* INFORMATION SUPPLIED *
--- START ---

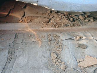 瓦の下葺き材(防水紙)に使われていたのは、薄い木の板でした。これを土居葺き(トントン葺き)といって、屋根の土台でもある野地板の上に「さわら」または「杉」などの薄板を竹釘(たけくぎ)で打ち付けるものです。
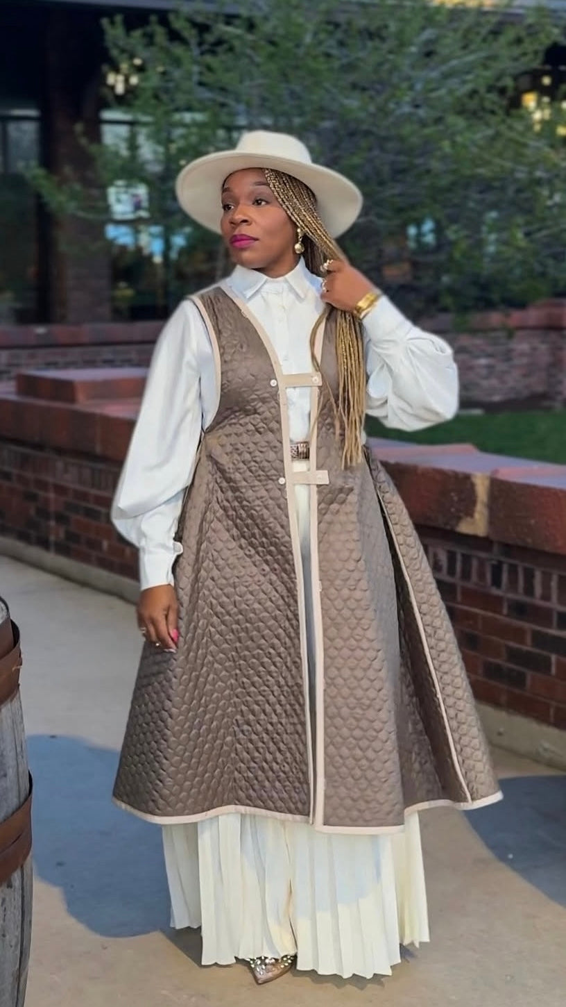 A quilted longline vest in taupe with cream trim layered over a white pleated skirt and white blouse, accessorized with a wide-brim hat and gold jewelry.
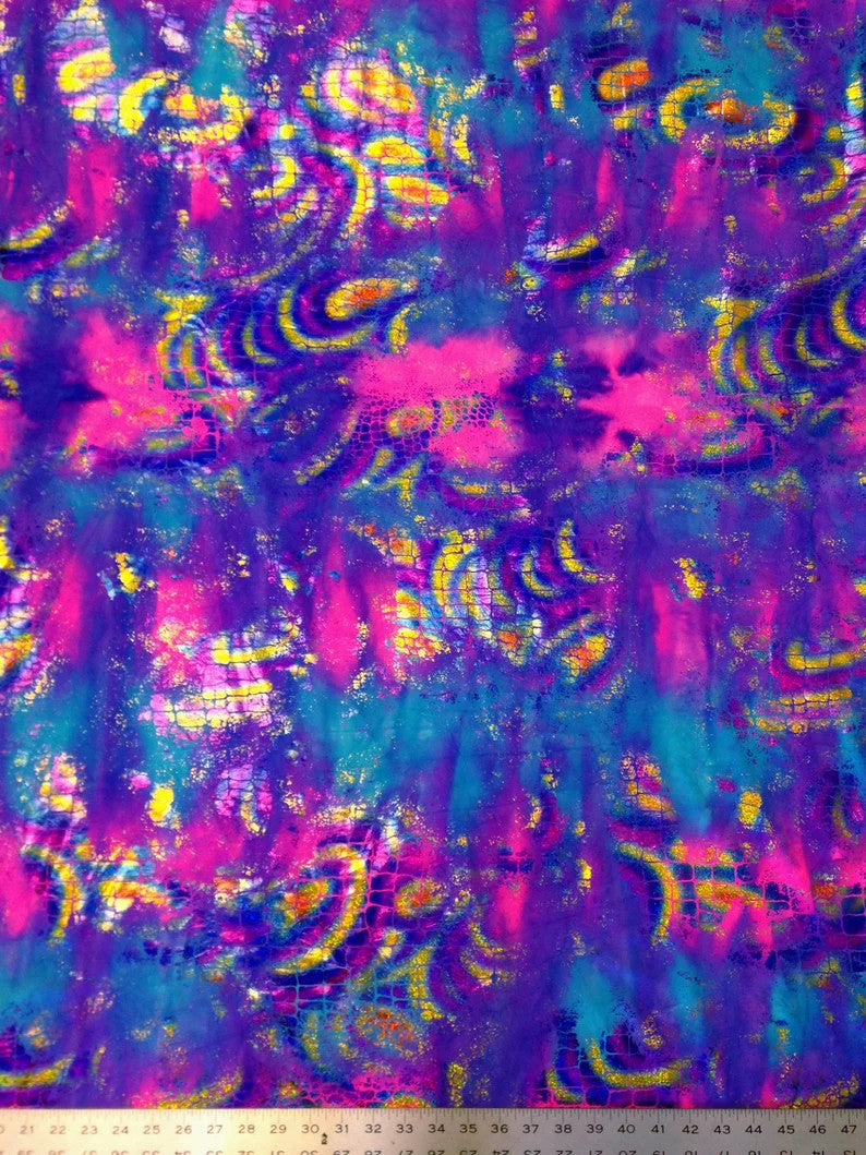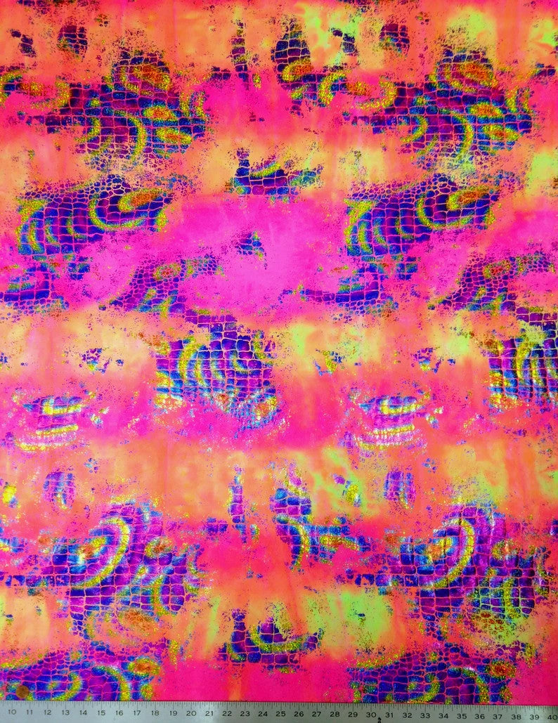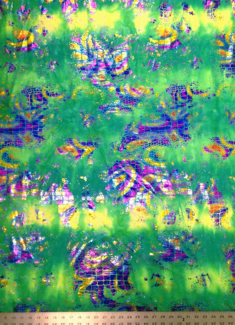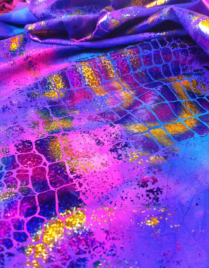 Holographic Shiny Foil Big Reptile Tie Dye Pattern on Bright Stretch Crease Nylon Spandex
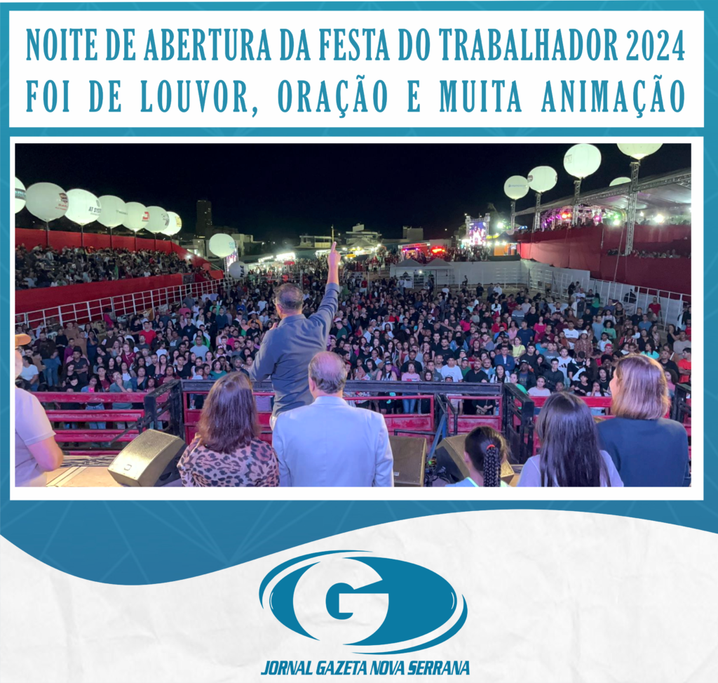 O primeiro dia da Festa do Trabalhador de 2024 de Nova Serrana, nesta quarta (1/5), foi marcado pelo show principal com a banda gospel Som e Louvor que animou o público presente com músicas cristãs. Além da atração principal, diversas bandas locais tocaram para abrir a noite, entre elas: Stéfanno Dias, Ministério de Louvor Família Adoração e Coral Profético.

--- END ---

* WHAT IS BEING ASKED *
When you reach the line that contains "A quilted longline", start copying the listing word for word and stop only after its last line, without any pictures.

* SOLUTION *
 A quilted longline vest in taupe with cream trim layered over a white pleated skirt and white blouse, accessorized with a wide-brim hat and gold jewelry.
 Holographic Shiny Foil Big Reptile Tie Dye Pattern on Bright Stretch Crease Nylon Spandex
 O primeiro dia da Festa do Trabalhador de 2024 de Nova Serrana, nesta quarta (1/5), foi marcado pelo show principal com a banda gospel Som e Louvor que animou o público presente com músicas cristãs. Além da atração principal, diversas bandas locais tocaram para abrir a noite, entre elas: Stéfanno Dias, Ministério de Louvor Família Adoração e Coral Profético.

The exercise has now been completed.